Assignment:
Everything from the line with "Weincloud 集結Ea" down to the line with "до 50 баллов;" below must be printed exactly, those two lines included. Exclude pictures.

Input material:
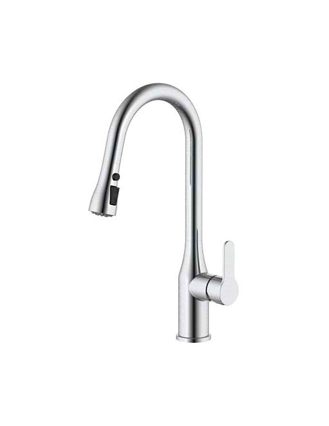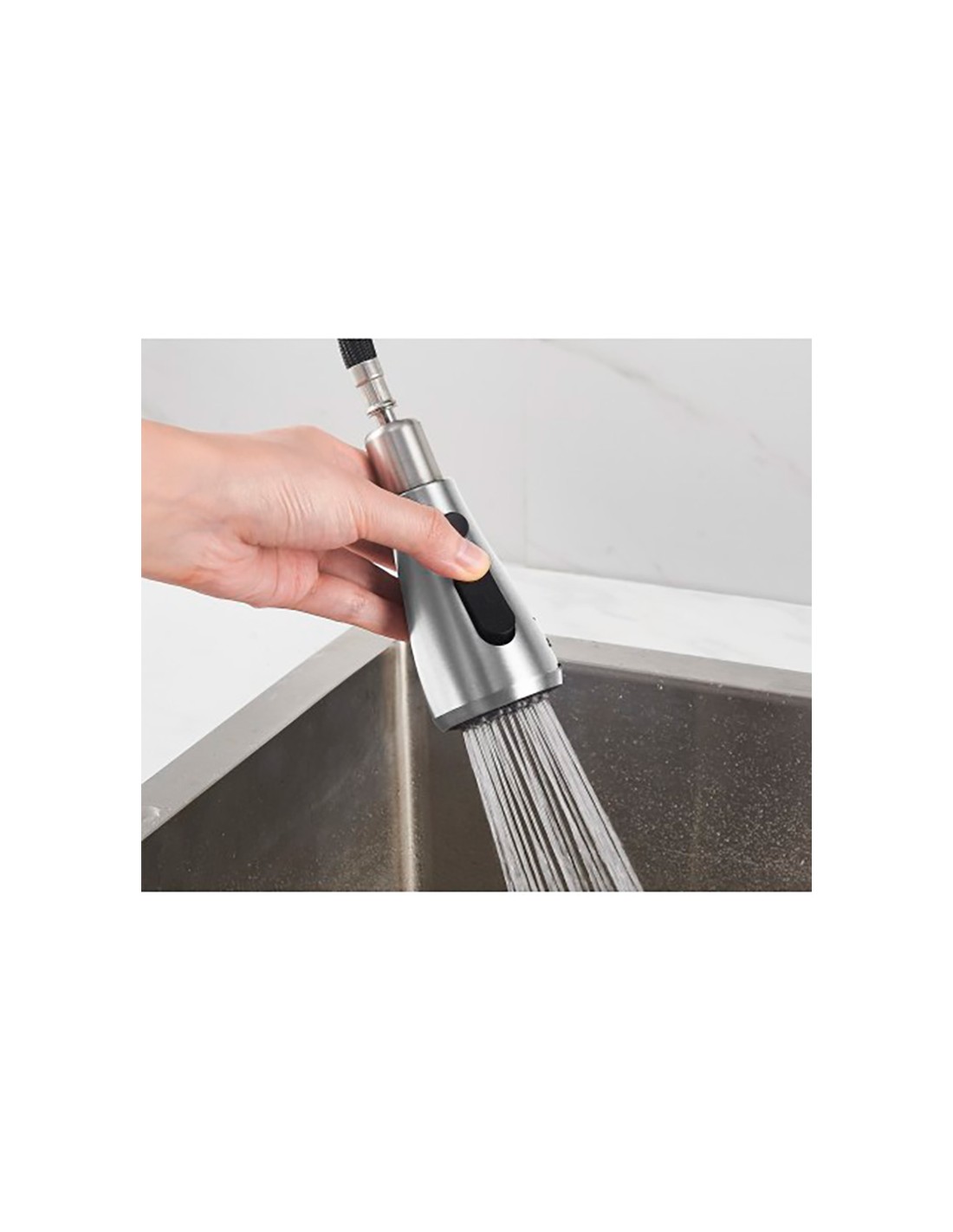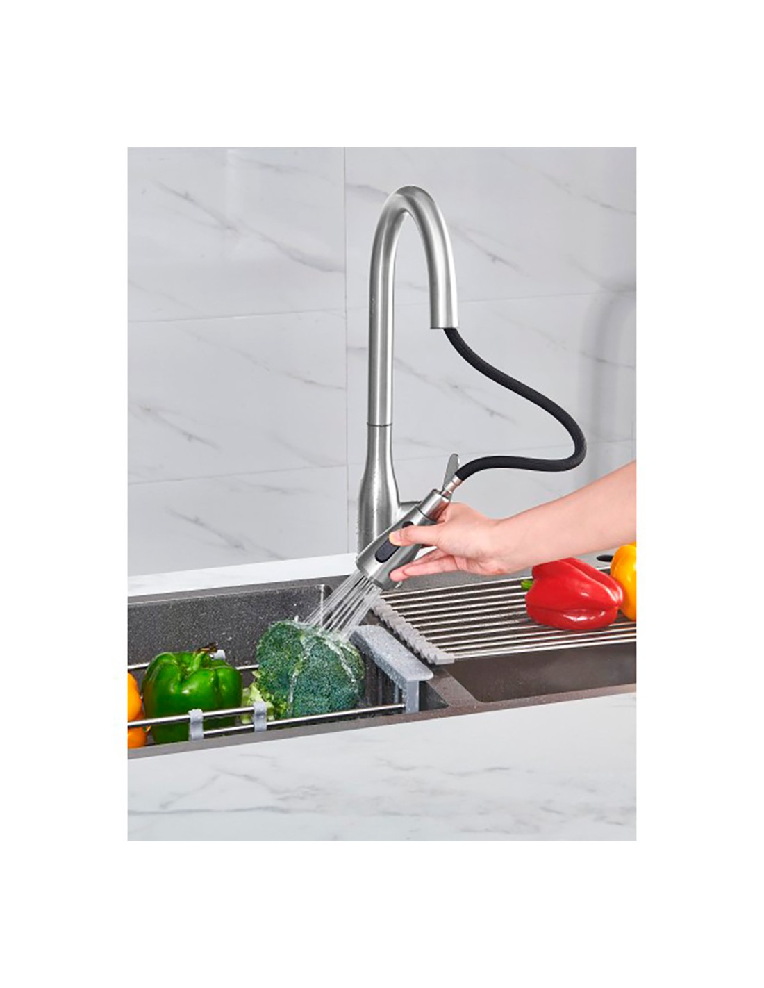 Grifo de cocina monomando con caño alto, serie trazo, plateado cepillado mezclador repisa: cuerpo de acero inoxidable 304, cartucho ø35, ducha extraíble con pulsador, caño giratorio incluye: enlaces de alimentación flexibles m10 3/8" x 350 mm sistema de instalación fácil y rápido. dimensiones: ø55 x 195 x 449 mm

* * *

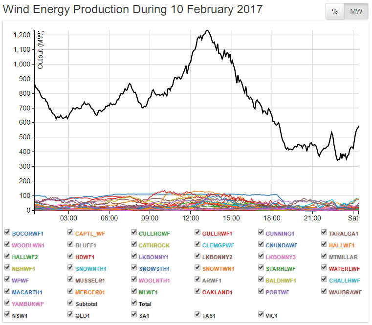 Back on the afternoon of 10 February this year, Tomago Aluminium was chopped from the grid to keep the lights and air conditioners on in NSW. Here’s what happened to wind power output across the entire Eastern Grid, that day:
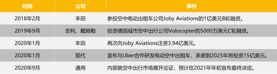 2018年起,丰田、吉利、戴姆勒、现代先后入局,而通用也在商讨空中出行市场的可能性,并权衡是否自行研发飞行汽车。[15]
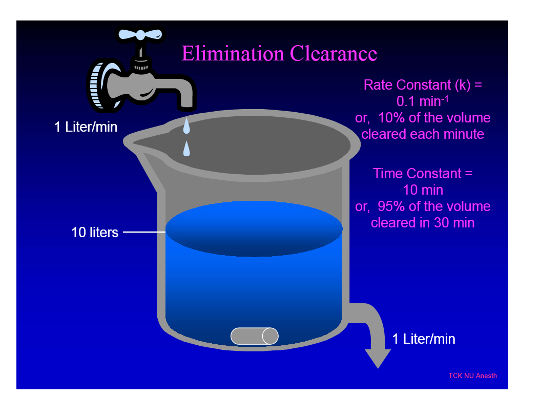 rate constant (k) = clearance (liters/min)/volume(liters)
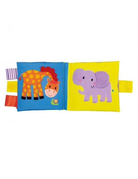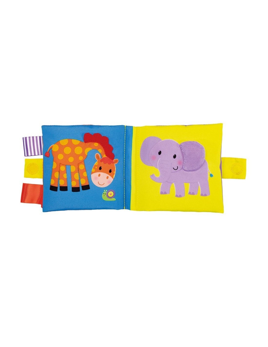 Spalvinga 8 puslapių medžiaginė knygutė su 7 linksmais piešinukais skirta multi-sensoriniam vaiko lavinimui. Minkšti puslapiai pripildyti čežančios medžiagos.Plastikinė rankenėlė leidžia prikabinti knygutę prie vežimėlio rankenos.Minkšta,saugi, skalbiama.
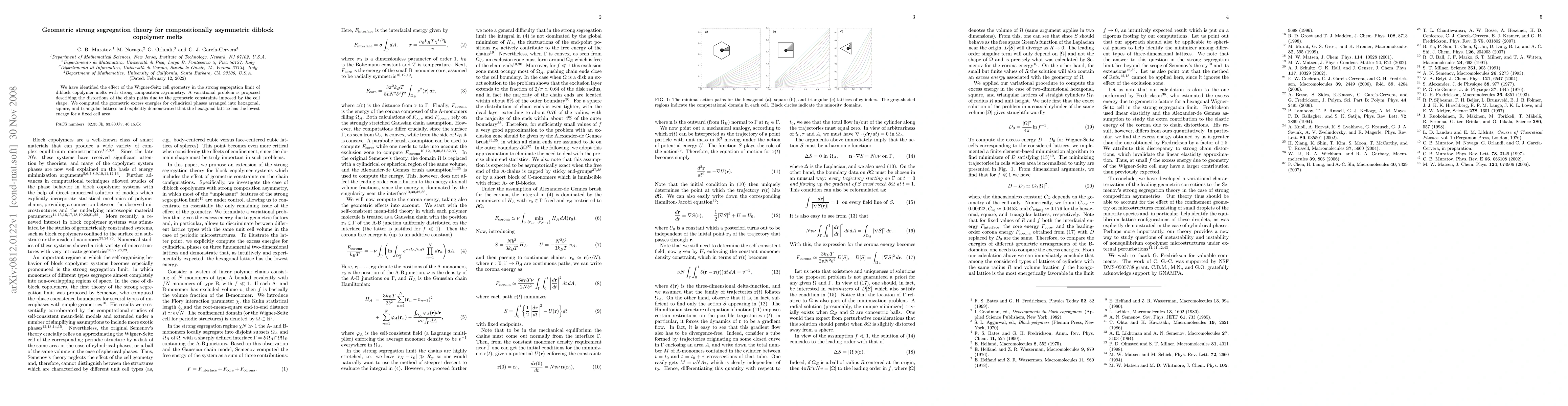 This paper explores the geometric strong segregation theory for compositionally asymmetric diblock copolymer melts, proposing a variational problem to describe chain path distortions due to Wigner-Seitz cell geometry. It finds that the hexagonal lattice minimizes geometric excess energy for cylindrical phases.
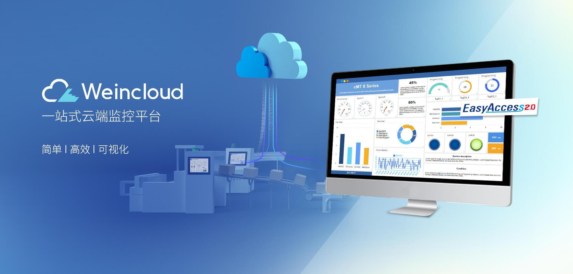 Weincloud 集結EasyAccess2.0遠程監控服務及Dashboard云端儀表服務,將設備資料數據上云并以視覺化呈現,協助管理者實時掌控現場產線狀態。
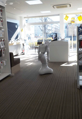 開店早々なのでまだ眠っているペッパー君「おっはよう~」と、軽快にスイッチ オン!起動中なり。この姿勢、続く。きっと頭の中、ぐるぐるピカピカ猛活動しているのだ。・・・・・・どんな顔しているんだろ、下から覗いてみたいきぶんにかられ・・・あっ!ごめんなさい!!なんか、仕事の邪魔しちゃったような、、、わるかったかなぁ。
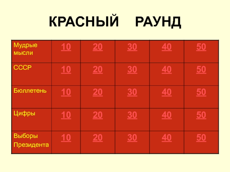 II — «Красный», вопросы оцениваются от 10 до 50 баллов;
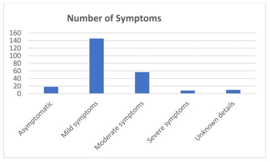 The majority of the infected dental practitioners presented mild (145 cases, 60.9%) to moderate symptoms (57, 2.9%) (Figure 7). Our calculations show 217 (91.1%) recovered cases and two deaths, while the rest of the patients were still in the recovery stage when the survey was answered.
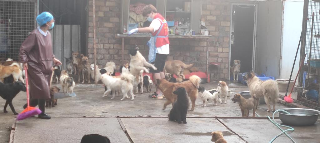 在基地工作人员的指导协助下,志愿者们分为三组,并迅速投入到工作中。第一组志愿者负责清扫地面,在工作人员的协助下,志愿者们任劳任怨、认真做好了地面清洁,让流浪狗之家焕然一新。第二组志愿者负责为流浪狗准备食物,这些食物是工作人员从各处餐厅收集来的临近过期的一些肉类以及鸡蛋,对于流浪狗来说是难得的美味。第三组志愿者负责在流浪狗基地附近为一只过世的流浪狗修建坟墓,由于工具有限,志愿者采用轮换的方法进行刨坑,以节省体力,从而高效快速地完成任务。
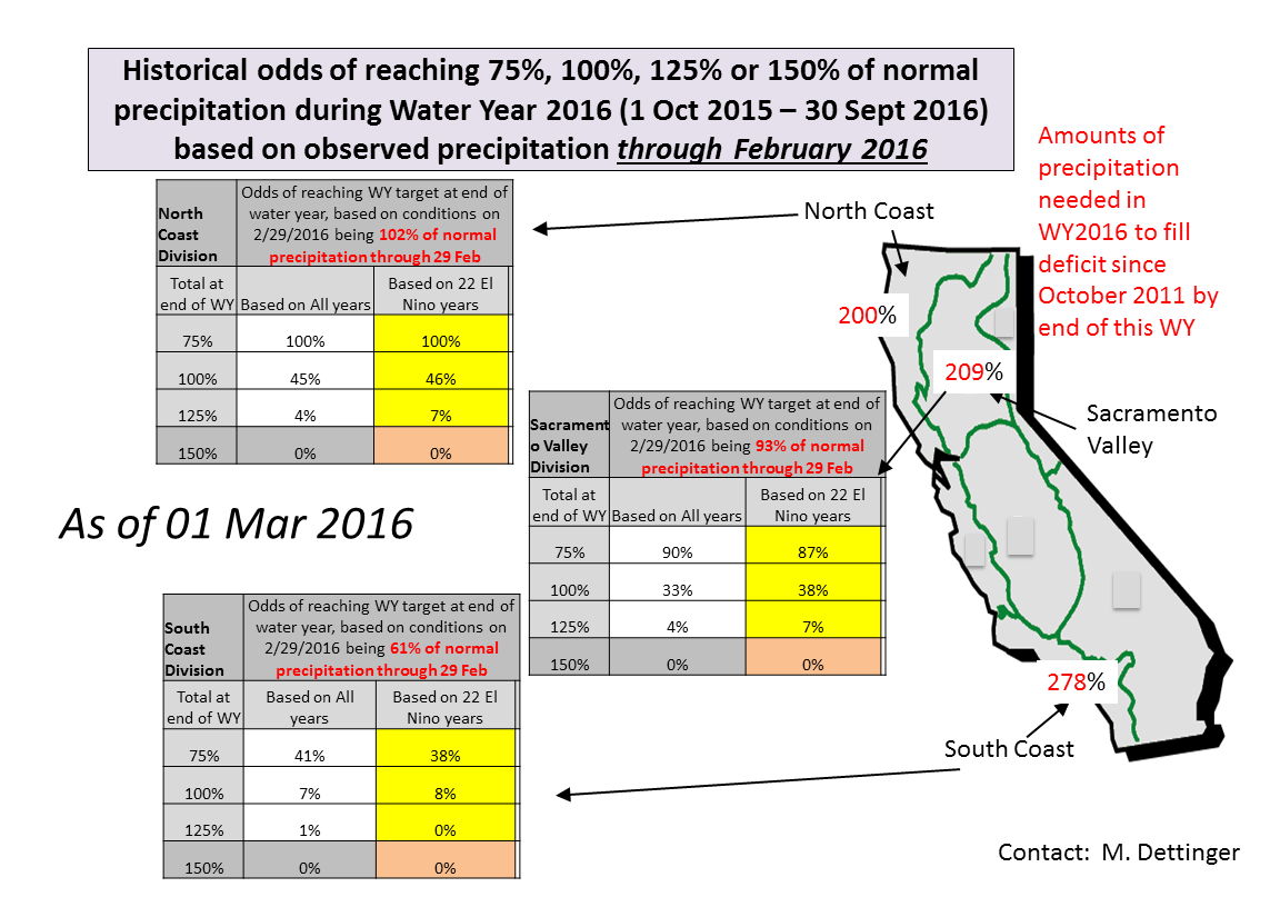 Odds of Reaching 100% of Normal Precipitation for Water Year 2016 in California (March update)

Response below:
 Weincloud 集結EasyAccess2.0遠程監控服務及Dashboard云端儀表服務,將設備資料數據上云并以視覺化呈現,協助管理者實時掌控現場產線狀態。
 開店早々なのでまだ眠っているペッパー君「おっはよう~」と、軽快にスイッチ オン!起動中なり。この姿勢、続く。きっと頭の中、ぐるぐるピカピカ猛活動しているのだ。・・・・・・どんな顔しているんだろ、下から覗いてみたいきぶんにかられ・・・あっ!ごめんなさい!!なんか、仕事の邪魔しちゃったような、、、わるかったかなぁ。
 II — «Красный», вопросы оцениваются от 10 до 50 баллов;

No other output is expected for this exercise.